## EXERCISE PROMPT
Reproduce from the records below, with no pictures, exactly the lines between the one containing "Trending our other" and the one containing "Striped cropped 3/4", inclusive.

## SOURCE MATERIAL
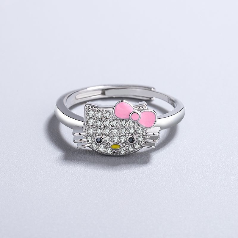 Detail Kartun Mewah Berlian Hello Kitty Cincin Cincin Manis Dan Lucu Pink Kucing Lady Cincin Hadiah Baru
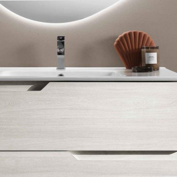 Il mobile bagno BORA2 100 CM unisce la purezza delle linee moderne alla matericità dell’effetto legno, creando un ambiente raffinato e accogliente. La presa maniglia integrata valorizza la superficie della base, rendendola elegante e funzionale al tempo stesso.
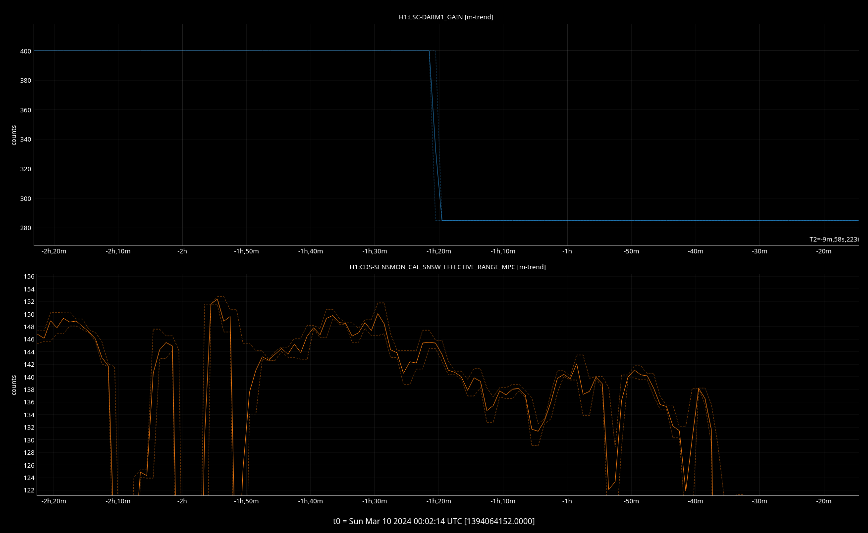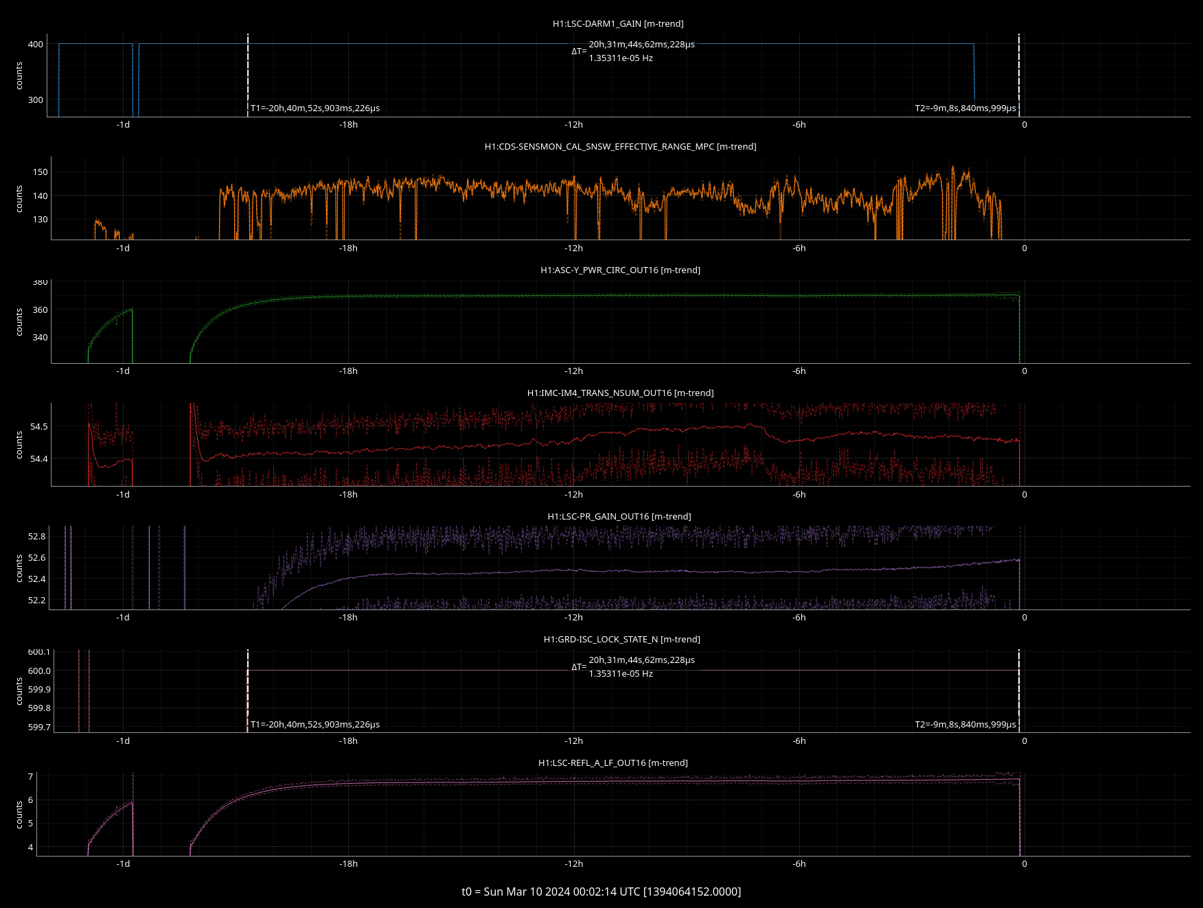 Trending our other signals, just see that OMC_TRANS_RF3 and CLF_REFL_RF6 and FC_WFS_A_ locking signal sare much larger, I think this is expected from increased CLF power. The NLG is simular 15.8 now, was 17.3. Plots of Jan 10th and March 9th.
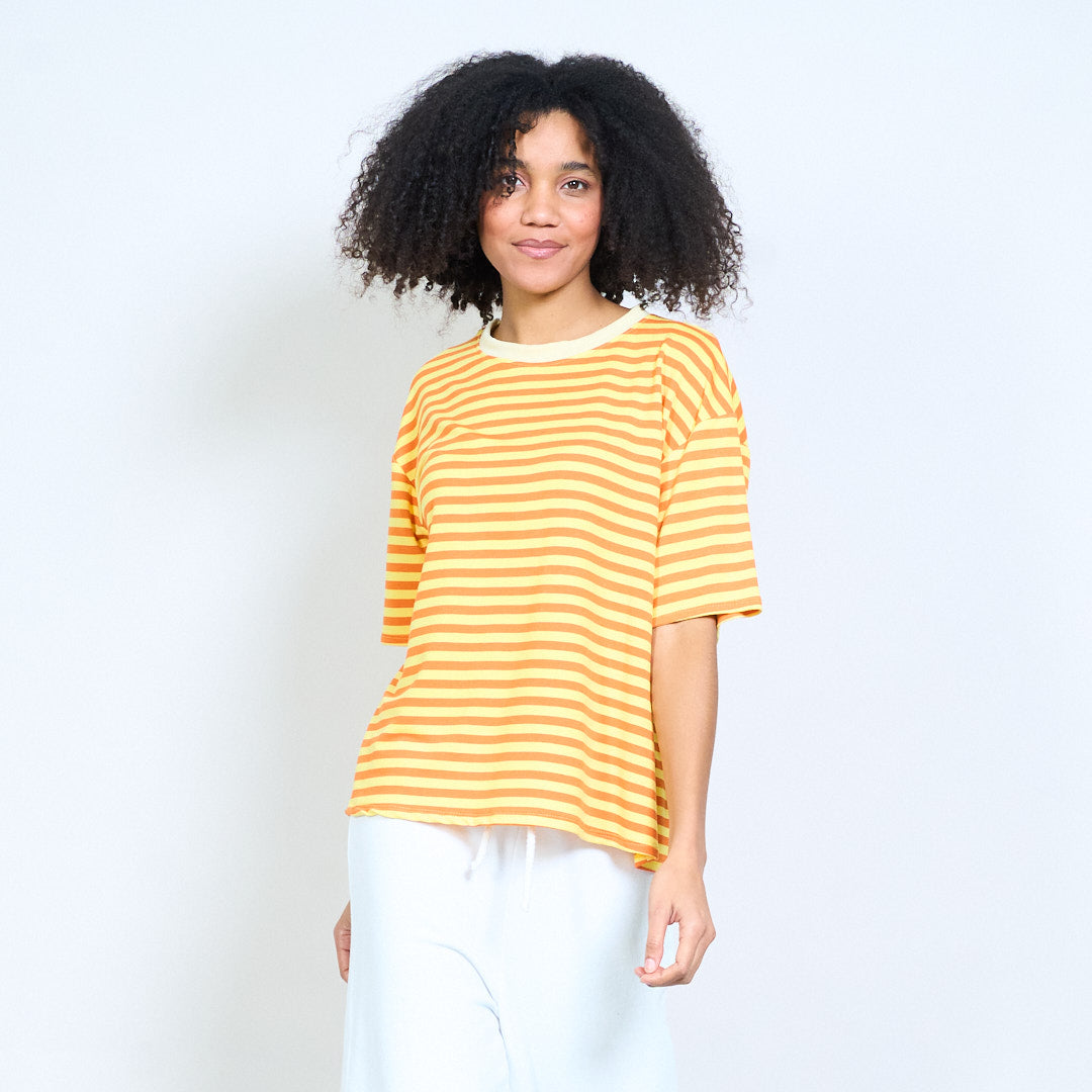 Striped cropped 3/4 sleeve relaxed fit top wholesale
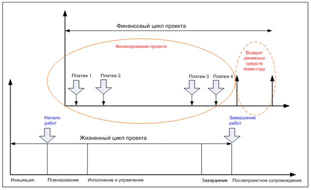 Рис 6.3. Связь между жизненным и финансовым циклами проекта.
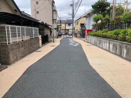 道路がゆるくジグザグに塗装されており、少しでもスピードを落としてもらう工夫がしてあります。
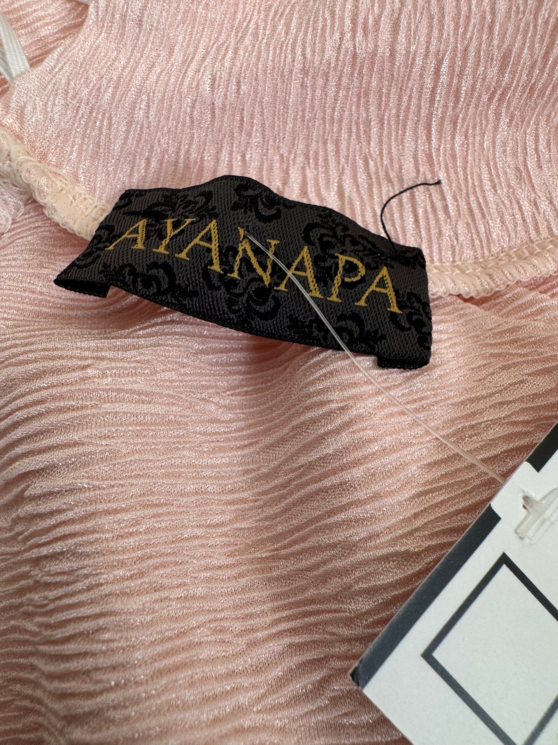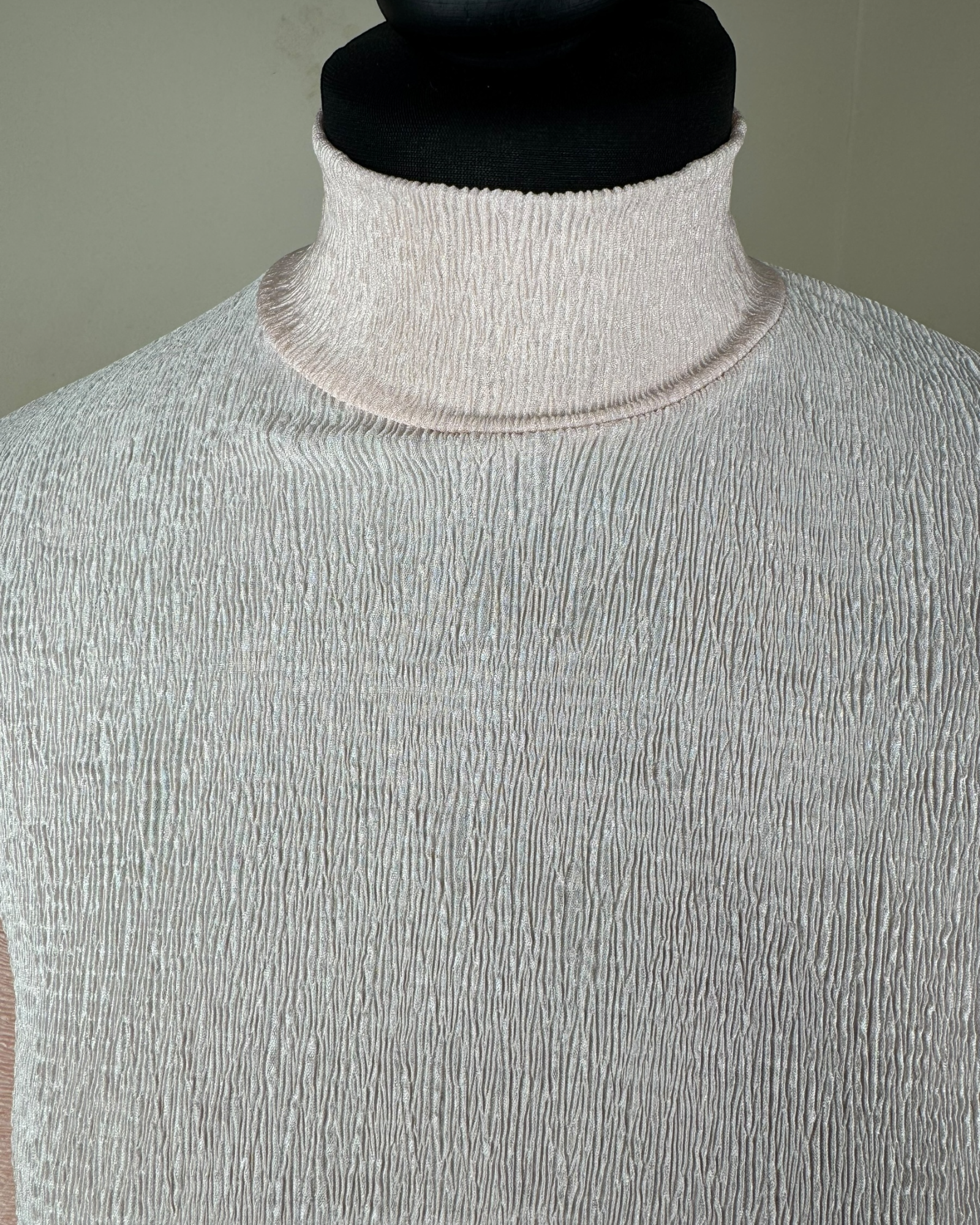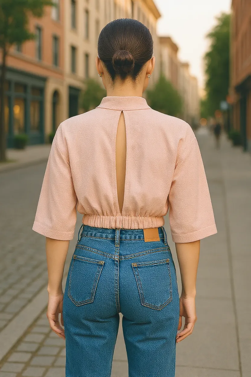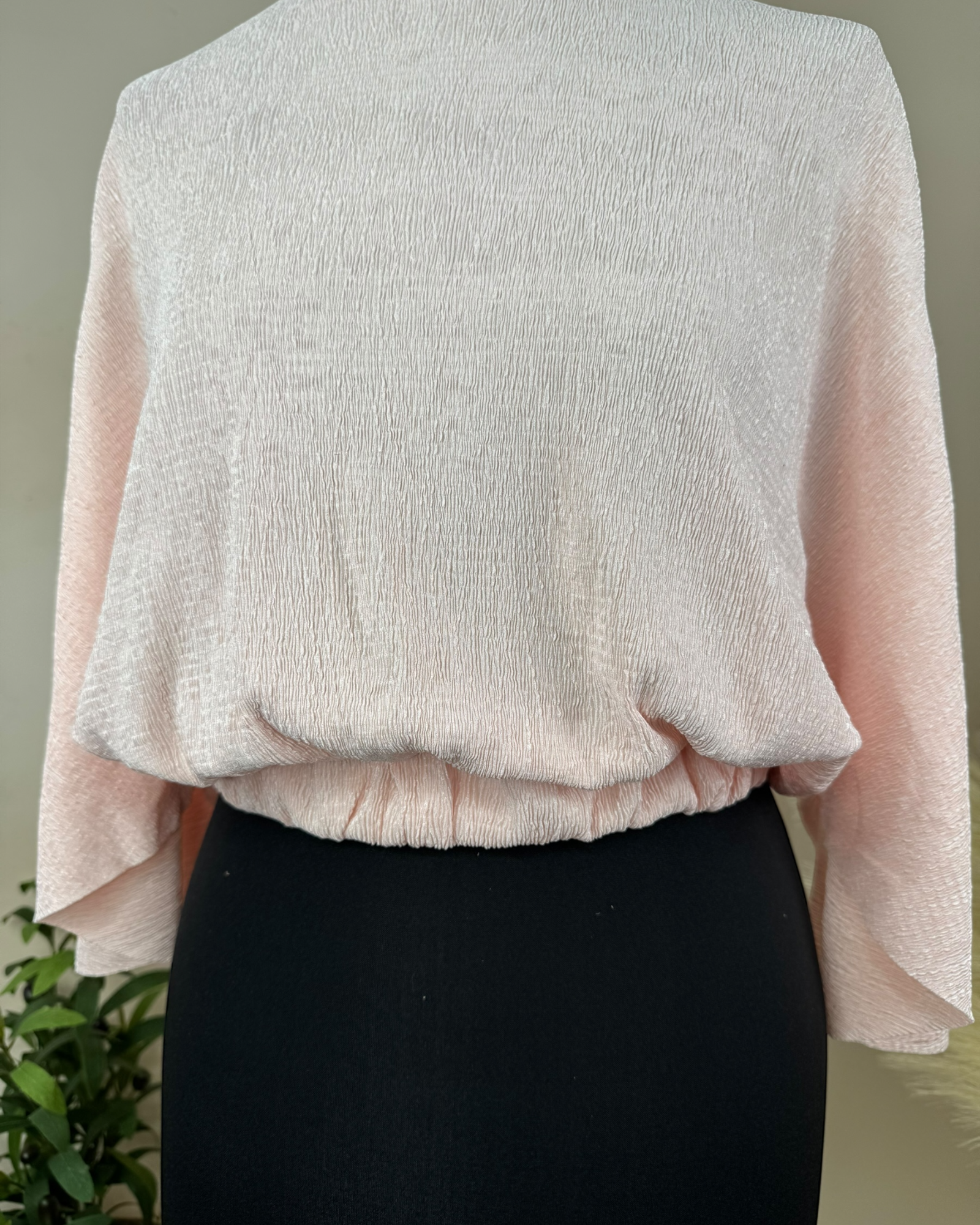 Soft as a whisper, this blush pink blouse brings elegance with a touch of surprise. Designed with a high neckline, floaty sleeves, and a striking open-back cut with pearl button fastening, it’s a statement piece that balances sophistication with effortless style.

## OUTPUT FOR THIS TASK
 Trending our other signals, just see that OMC_TRANS_RF3 and CLF_REFL_RF6 and FC_WFS_A_ locking signal sare much larger, I think this is expected from increased CLF power. The NLG is simular 15.8 now, was 17.3. Plots of Jan 10th and March 9th.
 Striped cropped 3/4 sleeve relaxed fit top wholesale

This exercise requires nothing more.